● WHAT IS EXPECTED: Give back exactly the lines from the beginning of the listing below to the line holding "White Solid Color", both ends included; the pictures stay out.

● MATERIAL FOR THE TASK:
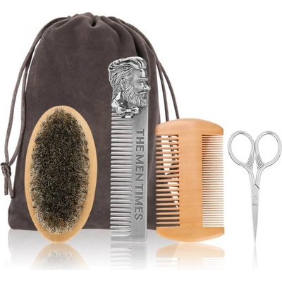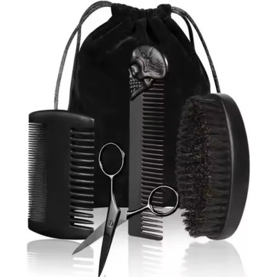 Sada kartáče, dvou hřebenů a nůžek na plnovous. Ideální kombinace pomůcek pro vousáče v dárkovém pytlíku.
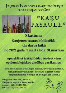 Naujenes tautas bibliotēkā atklāta Jeļenas Ivancovas kaķu figūriņu kolekcijas izstāde “Kaķu pasaulē”.
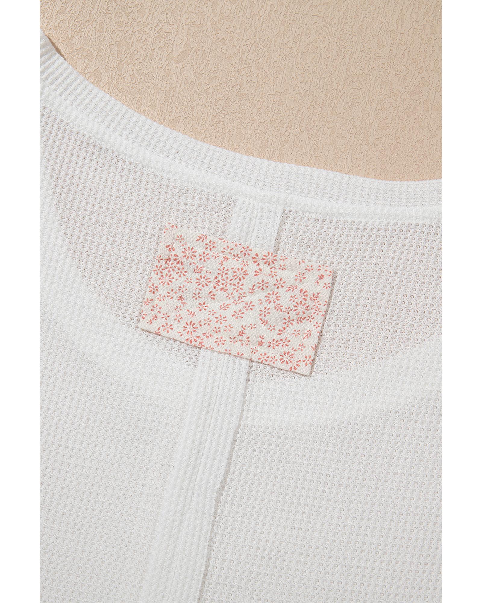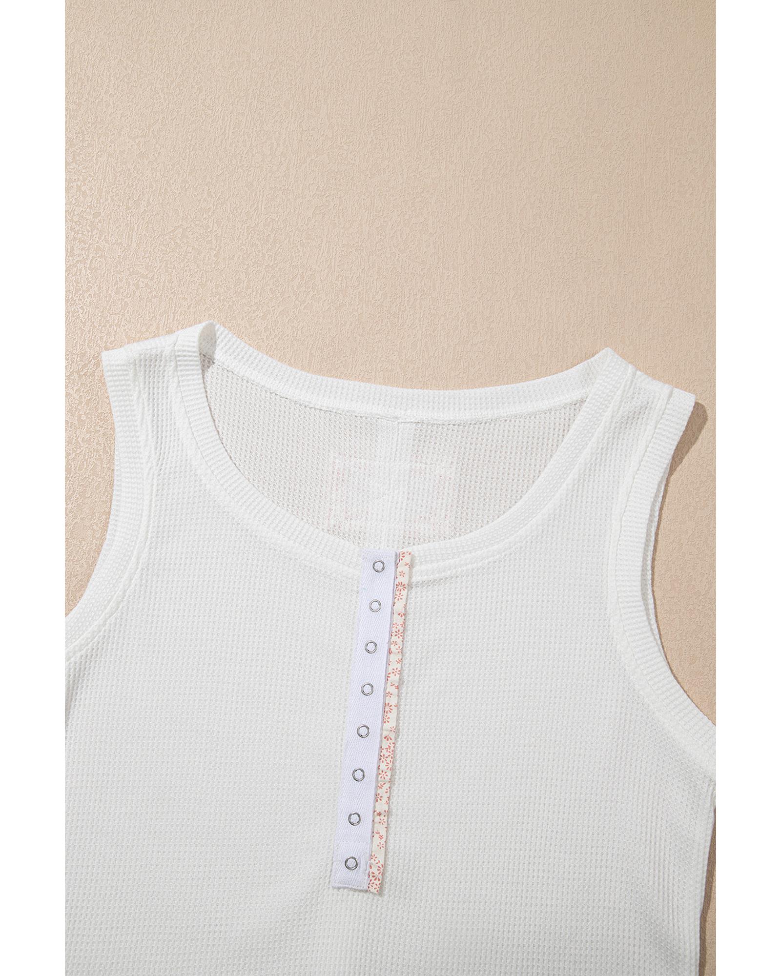 White Solid Color Waffle Knit Half Buttons Tank Top – S
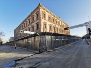 En el centro de la ciudad, se ha implementado un amplio dispositivo de seguridad con la colocación de muros metálicos alrededor del Palacio de Gobierno y de la Alcaldía. El perímetro de protección se extiende desde la calle Allende hasta la calle Niños Héroes y desde la calle 13 hasta la Ocampo. El Palacio de … Sigue leyendo Colocan vallas metálicas alrededor de Palacio de Gobierno
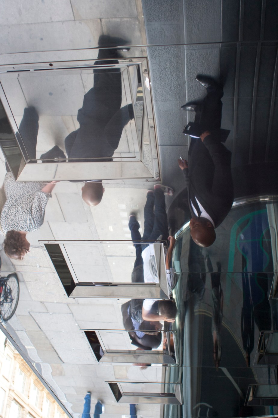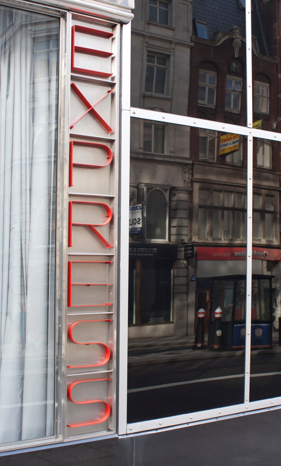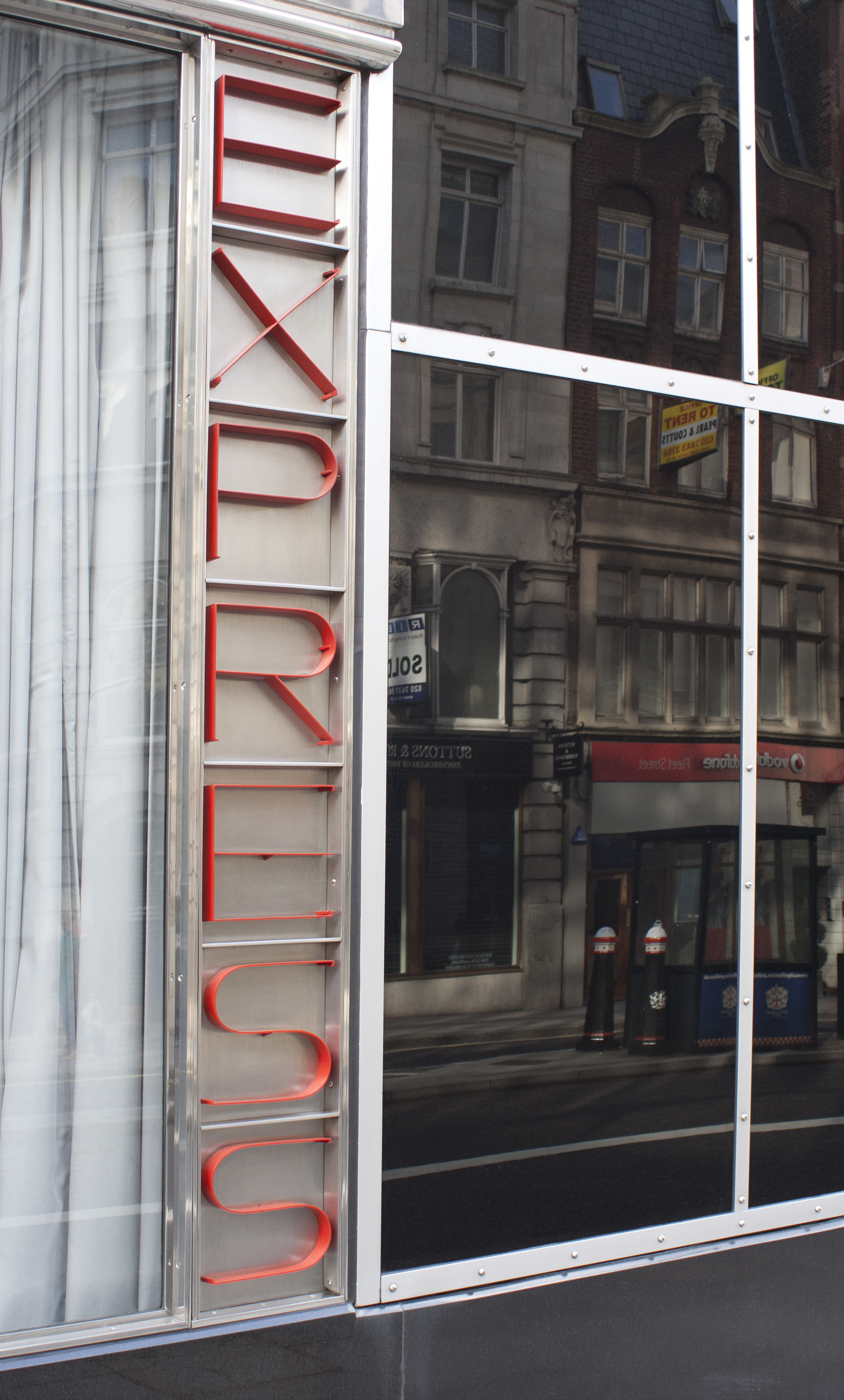 During the London Open House weekend, I visited the Daily Express building in Fleet Street, to see the extraordinary opulent Art Deco foyer. I took a lot of photos but the best ones were these two from outside, the reflection in the black glass portico ceiling and the red lettering with the reversed view of the opposite side of the street.
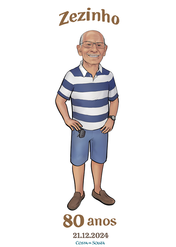 Caricature for an 80th Birthday party with Bar and Flamengo theme. The client ordered this illustration to print it on t-shirts and customized cups. Commission. Colorful, “Complete Scene” option.
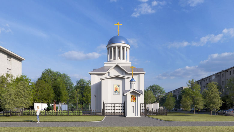 Будущие фасады храма будут окрашены в белый цвет, являющийся характерной чертой русской архитектуры. Цвет кровли – нейтральный серо-голубой. В том же цвете будут выполнены главный купол, а также алтарный выступ и звонница.
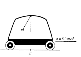 b. The car is at point B moving horizontally 2 to the right with an acceleration of 5.0 m/s .

● ANSWER FOR THE TASK:
 Sada kartáče, dvou hřebenů a nůžek na plnovous. Ideální kombinace pomůcek pro vousáče v dárkovém pytlíku.
 Naujenes tautas bibliotēkā atklāta Jeļenas Ivancovas kaķu figūriņu kolekcijas izstāde “Kaķu pasaulē”.
 White Solid Color Waffle Knit Half Buttons Tank Top – S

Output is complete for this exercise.